Ingredients:

  • 24 oz frozen shredded hash browns, thawed completely
  • 3 tbsp unsalted butter, melted
  • 1 large egg, beaten (for crust binder)
  • 1 tsp kosher salt
  • 1/2 tsp onion powder
  • 1/4 tsp black pepper
  • 6 large eggs (for filling)
  • 1 cup heavy cream
  • 1/2 cup whole milk
  • 1.5 cups sharp cheddar cheese, freshly shredded
  • 6 slices thick-cut bacon, cooked and crumbled
  • 2 tbsp fresh chives, finely chopped
  • 1/2 tsp salt
  • 1/4 tsp ground nutmeg

Instructions:

  1. Preheat oven to 425°F (220°C). Place thawed hash browns in a clean kitchen towel and wring out all excess moisture over the sink until very dry.
  2. In a mixing bowl, combine dried potatoes, melted butter, one beaten egg, 1 tsp salt, onion powder, and pepper. Press the mixture firmly into the bottom and up the sides of a greased 9-inch deep-dish pie plate.
  3. Bake the crust for 20–25 minutes until the edges are deep golden brown.
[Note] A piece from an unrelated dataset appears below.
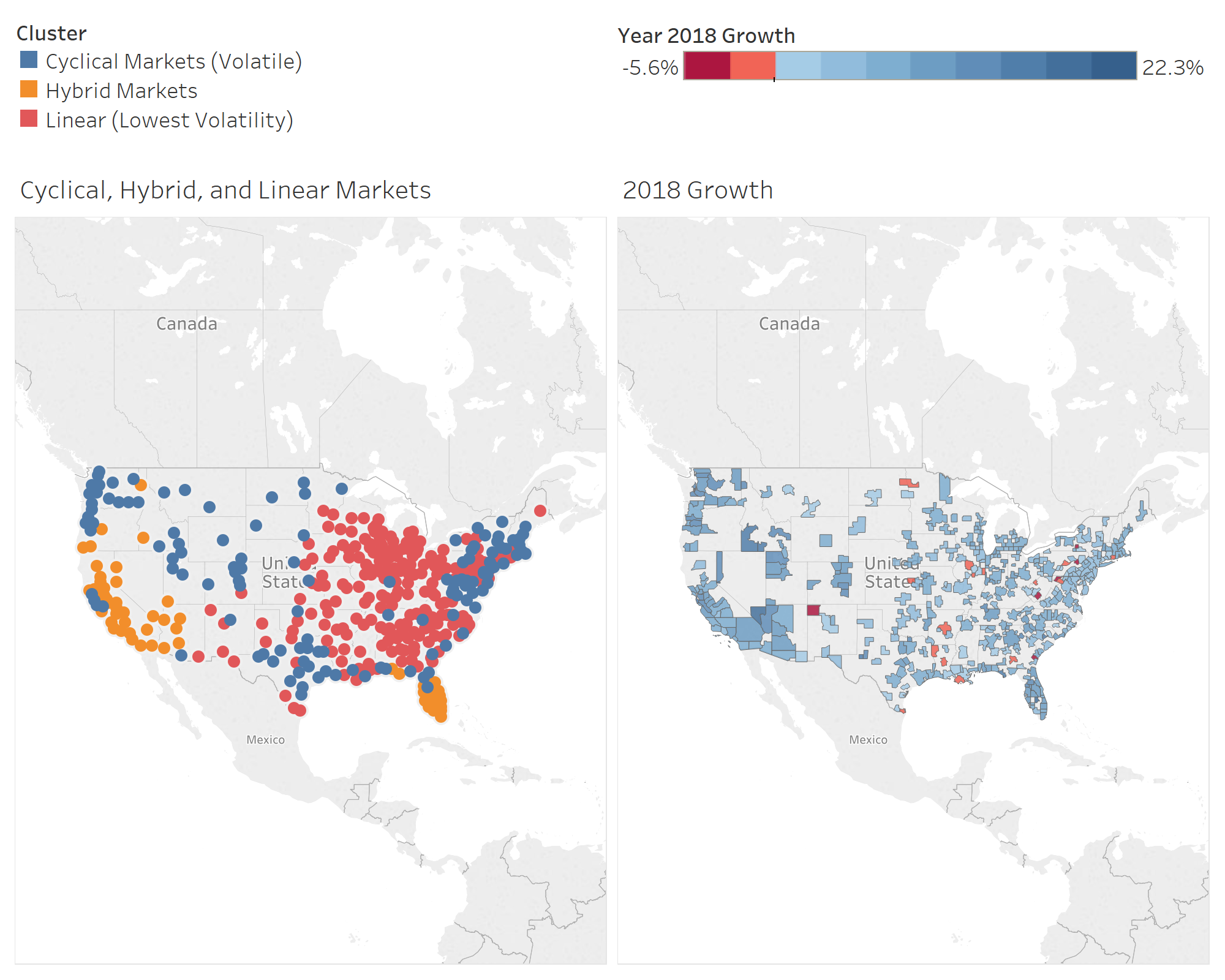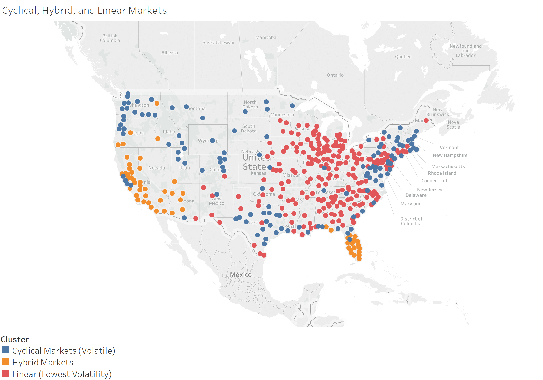 In blue are the cyclical markets.  In red are the linear markets.  In orange are the hybrid markets.  Outside of Texas, most of the South, Midwest, and Rust Belt contain linear markets.

Remove from oven and reduce oven temperature to 375°F (190°C).
  4. In a large bowl, whisk together 6 eggs, heavy cream, whole milk, 1/2 tsp salt, and nutmeg until smooth.
  5. Layer half of the shredded cheddar and all of the crumbled bacon into the bottom of the hot potato crust.
  6. Pour the egg custard over the bacon and cheese. Top with the remaining cheddar and chopped chives.
  7. Bake for 30–35 minutes until the center is set but maintains a slight jiggle. Let rest for 10 minutes before slicing.